AVAILABLE DATA:
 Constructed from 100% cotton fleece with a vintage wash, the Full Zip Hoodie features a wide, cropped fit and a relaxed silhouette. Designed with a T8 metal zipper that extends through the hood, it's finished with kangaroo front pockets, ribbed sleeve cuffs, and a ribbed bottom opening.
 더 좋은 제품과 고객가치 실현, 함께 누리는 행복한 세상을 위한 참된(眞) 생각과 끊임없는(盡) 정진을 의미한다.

==

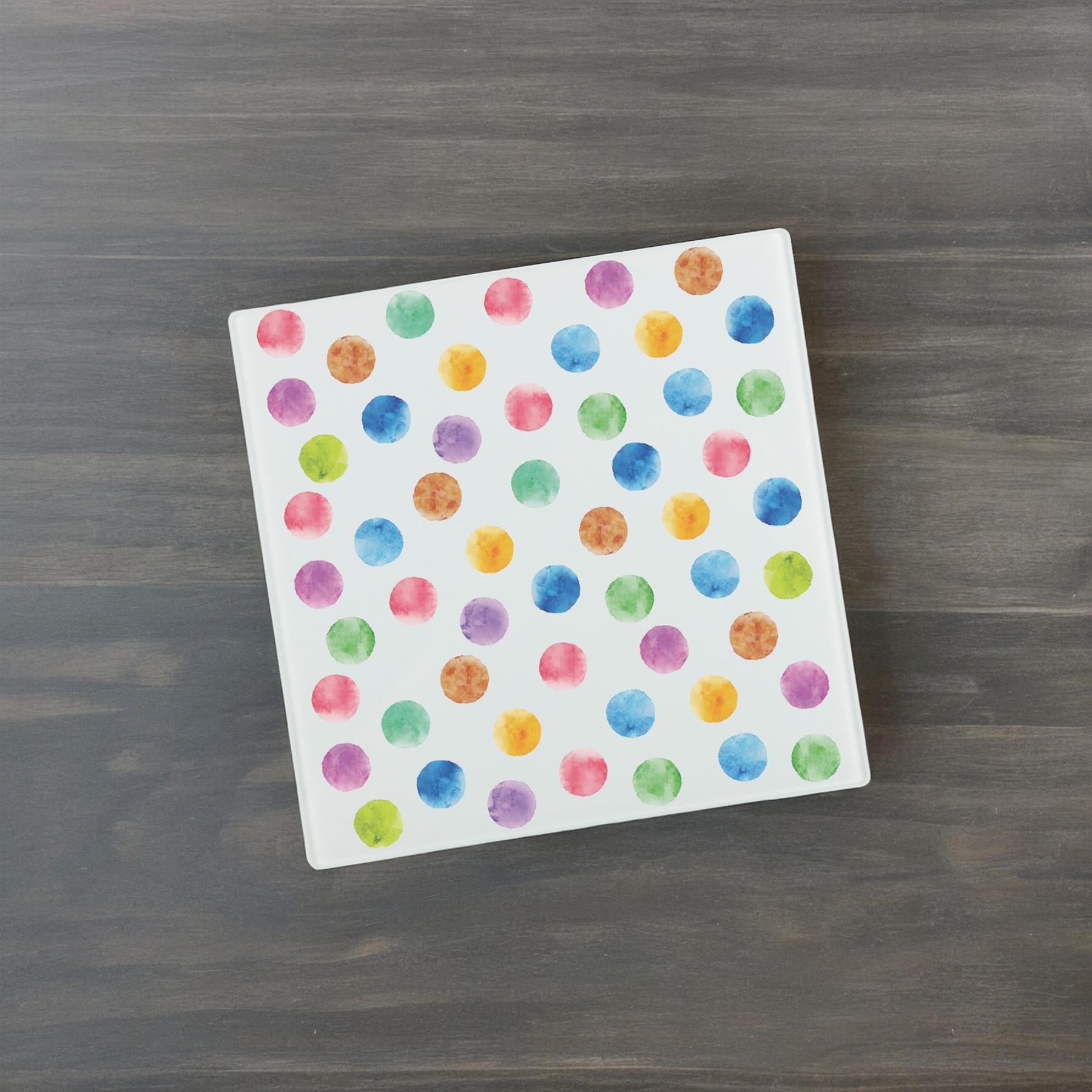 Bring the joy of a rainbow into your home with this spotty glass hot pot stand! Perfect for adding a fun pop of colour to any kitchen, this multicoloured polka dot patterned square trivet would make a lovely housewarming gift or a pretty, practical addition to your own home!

WORK ITEM: Copy back the listing above exactly, but only from the line with "Constructed from 100%" through the line with "더 좋은 제품과 고객가치", both ends included.

YOUR SOLUTION:
 Constructed from 100% cotton fleece with a vintage wash, the Full Zip Hoodie features a wide, cropped fit and a relaxed silhouette. Designed with a T8 metal zipper that extends through the hood, it's finished with kangaroo front pockets, ribbed sleeve cuffs, and a ribbed bottom opening.
 더 좋은 제품과 고객가치 실현, 함께 누리는 행복한 세상을 위한 참된(眞) 생각과 끊임없는(盡) 정진을 의미한다.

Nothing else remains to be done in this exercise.